If you want to find some middle point in a range, you can combine key selectors and “recursive” algorithms, a bit like a binary search would do. Downside is that you will have to issue single reads at each “step” before deciding to go left or right, meaning the total latency will be high…

If you know that the range will be somewhat small (in bytes, not in number of keys), then sometimes it is faster to read the whole range and then do the search in memory.

If not, then you need to add another data structure on the side that will allow you do speed up the search process.

If your scan only needs a portion of the key’s value… I would say store a copy of only the part you need in another set of keys (a bit like a column-store would do?). Maybe use covering indexes if possible?

If you need to read the entire value to perform your aggregate, then I guess you could use the locality API to split the range into smaller chunks, with boundaries aligned to each individual storage server. Spawn multiple threads which will work on the individual chunks, and then merge the results once they are done. This should help parallelize the computation on the maximum number of storage nodes, but will generate a lot of network traffic.

Another approach is to have one instance of your app running on the same servers as the fdb storage process, and use the same locality API to send a message to each instance, asking it to process “local” chunks. Hopefully they will query the local storage process and not have to go across the network (it will use “localhost” instead)

And as always, you can also try to add another data structure that is updated while data is inserted in the database, that can be used to speed up the query (maybe some index that pre-computes partial aggregates?)

It’s a bit difficult because it really depends on the type of data, access patterns and so on.

There is one general purpose solution (not always the best but sometimes useful) where you use the Directory Layer to create a new temporary subspace, convert the previous data from the “current” subspace into the new temporary subspace, in a background process (again, by using the locality API you can spawn multiple workers that will work on different chunks).

While this is running, you track in some queue all entities that have been changed while the process was going on.

Once all workers are complete, you then drain the queue of recently changed entities, again and again until it is empty (you may want to have some “lock” key somewhere to stop all mutations if you are never able to “keep up”).

Then, you can use the Directory Layer to - in the same transaction - atomically swap the “current” and “temporary” subspaces. This means that any new transaction will now use the updated data. Then you can simply “clear range” the old subspace.

So yeah the downside is that you need to “clone” all the existing data, which - depending on the size of your dataset - may or may not be feasible (both in time and in required disk space).
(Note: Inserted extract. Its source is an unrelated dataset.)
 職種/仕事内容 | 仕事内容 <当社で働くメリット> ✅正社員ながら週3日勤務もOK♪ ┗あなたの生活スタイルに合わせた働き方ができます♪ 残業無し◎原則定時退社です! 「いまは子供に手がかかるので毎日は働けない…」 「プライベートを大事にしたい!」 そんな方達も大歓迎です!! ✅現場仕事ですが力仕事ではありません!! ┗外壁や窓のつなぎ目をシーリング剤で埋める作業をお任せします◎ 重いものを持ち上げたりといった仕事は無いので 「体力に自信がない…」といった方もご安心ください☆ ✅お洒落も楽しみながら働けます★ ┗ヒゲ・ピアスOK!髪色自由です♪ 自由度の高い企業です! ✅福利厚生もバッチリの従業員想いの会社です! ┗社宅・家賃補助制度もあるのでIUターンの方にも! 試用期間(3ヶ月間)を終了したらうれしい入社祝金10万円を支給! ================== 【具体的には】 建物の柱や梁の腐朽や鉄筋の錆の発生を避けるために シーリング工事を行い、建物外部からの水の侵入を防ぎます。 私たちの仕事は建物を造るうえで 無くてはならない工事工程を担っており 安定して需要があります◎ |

Another solution is to update your entities “Just in Time”: you have a schema version and entity version field on each entity. When you read an entity with the old schema version you upgrade it “in memory” and at the same time enqueue it in a background thread. This thread can then lazily update “for real” the entity (checking first if it was not mutated/updated by another worker in the mean time). When you have to mutate an entity with the old schema version, then you can simply update it, mutate it and store the update version in the database. The background thread will either skip this record later, or conflict if it was attempting to upgrade it at the same time.

This is a bit trickier to do if your schema change also add indexes or change existing ones. Again, this can be worked on in the background in a temporary subspace, and then you can “publish” the new index by renaming the temporary subspace into the final name for that index…
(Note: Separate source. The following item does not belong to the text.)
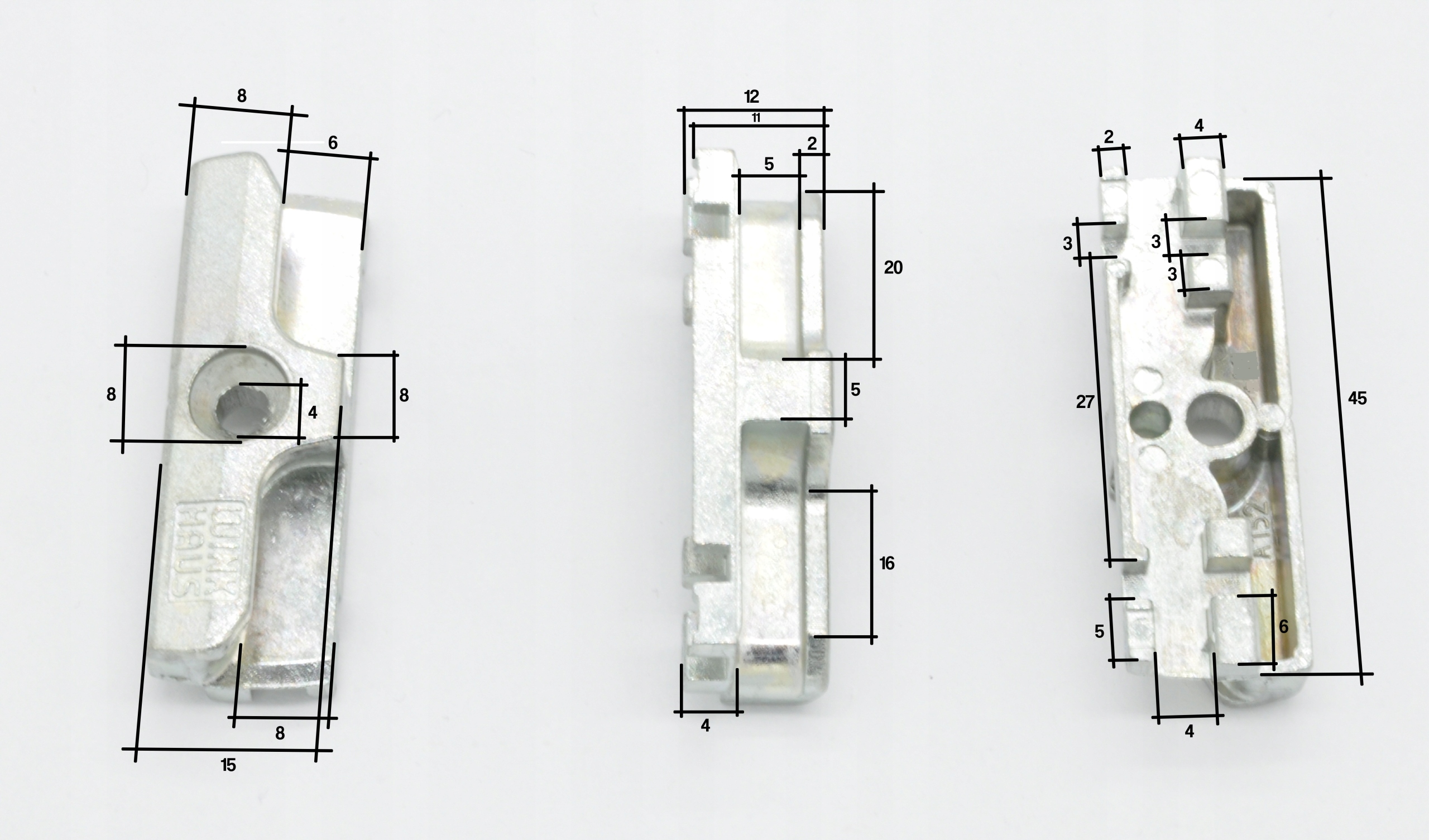 Опис: гачок виготовлений зі сплаву замак. Призначений для встановлення пластикових вікон. Фурнітура Winkhaus: Softline 70 AD, foliert Softline 70 MD, Topline AD, Topline MD, Topline Plus, Softline 82 AD, Softline 82 MD, Artline, Swingline, Alphaline, Alphaline 90.

Personally, my dataset have always been small enough that I’ve always been able to do offline upgrades (put app in “maintenance mode”, export everything, clear, reimport everything with the upgraded schemas, recompute indexes, restart the app).
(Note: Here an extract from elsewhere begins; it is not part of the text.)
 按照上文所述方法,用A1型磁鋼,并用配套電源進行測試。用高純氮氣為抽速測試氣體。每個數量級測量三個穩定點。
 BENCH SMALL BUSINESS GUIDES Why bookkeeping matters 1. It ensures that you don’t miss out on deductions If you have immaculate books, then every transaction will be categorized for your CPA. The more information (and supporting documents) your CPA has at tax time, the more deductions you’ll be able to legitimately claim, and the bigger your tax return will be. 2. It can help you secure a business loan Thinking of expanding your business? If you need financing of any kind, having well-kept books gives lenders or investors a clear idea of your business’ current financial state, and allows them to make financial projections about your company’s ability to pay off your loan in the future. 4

Christope’s detailed answer covers your questions pretty well, but I just wanted to add a couple points.

Committed transactions do actually require a read version, and a write-only transaction that hasn’t acquired one will do so implicitly at commit time. This read version won’t result in any conflicts, though, if there aren’t any reads or read conflict ranges.

The answer above covered this pretty well, but to be explicit the answer to your question is basically yes. Without a write (or setting write conflict ranges), your transact won’t commit and wouldn’t conflict regardless of whether you used snapshot reads or regular ones. As Christophe suggested, there may be a performance benefit to doing so, but not one we’ve measured as far as I know. See also Use snapshot transactions in our bindings for read-only retry loops. · Issue #718 · apple/foundationdb · GitHub.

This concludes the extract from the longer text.